Chapter 6, Problem 1QAP

To determine

To derive:

The Equation 6.4a and 6.4b using mechanics of materials principles.

Answer to Problem 1QAP

The Equation 6.4a and 6.4b using mechanics of materials principles is shown in conclusion.

Explanation of Solution

Write the expression for engineering stress.

$\sigma =\frac{P}{A}$ (I)

Here, the tensile force is P and cross-sectional area is A.

Write the expression for shear stress.

$\tau =\frac{V}{A}$ (II)

Here, the normal force is P and shear forces is V.

Conclusion:

Show the diagram of a block element of material of cross-sectional area A that is subjected to a tensile force P, the orientations of the applied stress, the normal stress to this plane, as well as the shear stress taken parallel to this inclined plane.

For static equilibrium in the x-direction.

${\displaystyle \sum F_{x^{\prime }}}=0$

Which means that

$\begin{array}{l}{P}^{\prime }-P\cos \theta =0\\ P^{\prime }=P\cos \theta \end{array}$

Write the expression for the stress ${\sigma }^{\prime }$ in terms of $P^{\prime }$ and $A^{\prime }$ using the above expression and the relationship between $A$ and $A^{\prime }$.

$\begin{array}{c}{\sigma }^{\prime }=\frac{P^{\prime }}{A^{\prime }}\\ =\frac{P\cos \theta }{\frac{A}{\cos \theta }}\\ =\frac{P}{A}{\cos }^2\theta \\ =\sigma {\cos }^2\theta \end{array}$

Write the expression for ${\tau }^{\prime }$.

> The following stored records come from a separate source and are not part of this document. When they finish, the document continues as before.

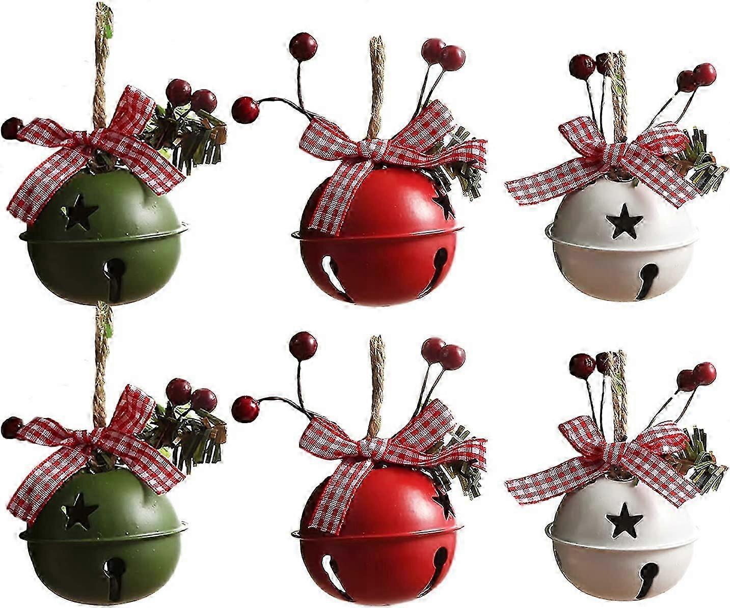 6 Pack Christmas Bells, Large Metal Pendant with Holly Berry Ribbon for Christmas Tree Wreath Decoration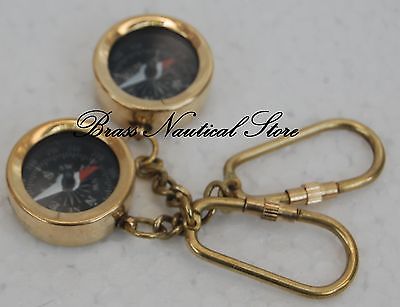 Vintage Style Antique nautical Brass Compass Key Chain Gift 2 Key Ring Compass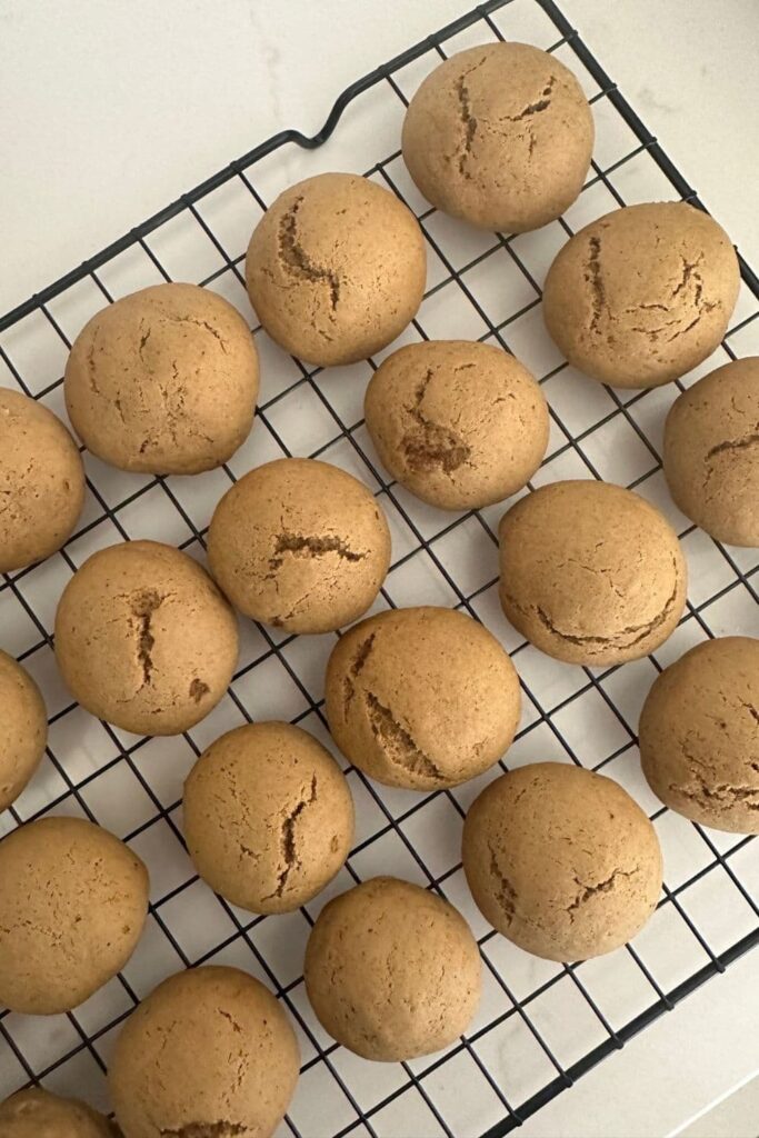 Generous Powdered Sugar Coating: Roll the warm cookies generously in powdered sugar. This not only adds a festive touch but also contributes to the traditional appearance and sweetness of Pfeffernusse cookies.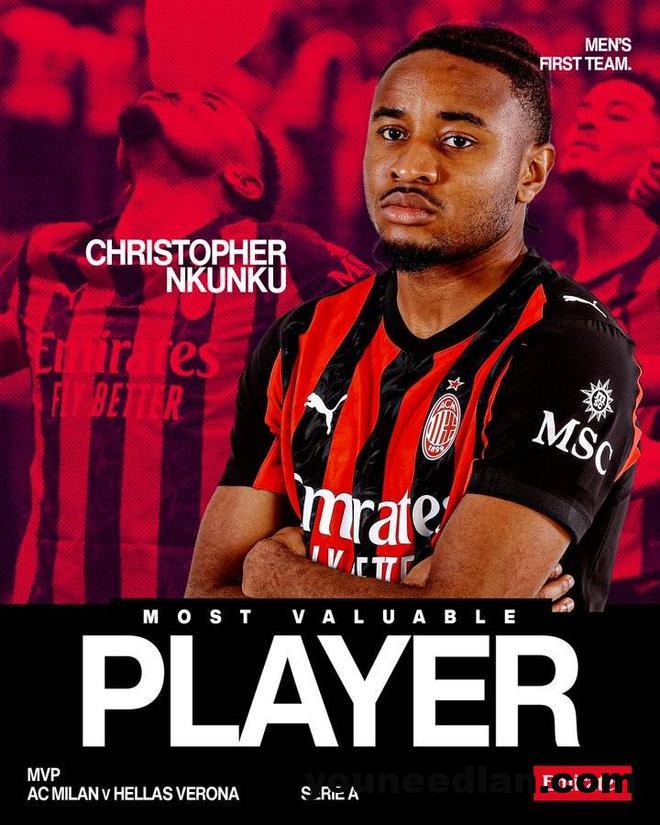 在昨天晚上进行的意甲第17轮比赛中,米兰3-0击败维罗纳,赛后,恩昆库被评为本场比赛队内最佳球员。

$\begin{array}{c}{\tau }^{\prime }=\frac{V^{\prime }}{A^{\prime }}\\ =\frac{P\sin \theta }{\frac{A}{\cos \theta }}\\ =\frac{P}{A}\sin \theta \cos \theta \\ =\sigma \sin \theta \cos \theta \end{array}$

Thus, the ${\tau }^{\prime }$ value is $\underset{\_}{\sigma \sin \theta \cos \theta }$.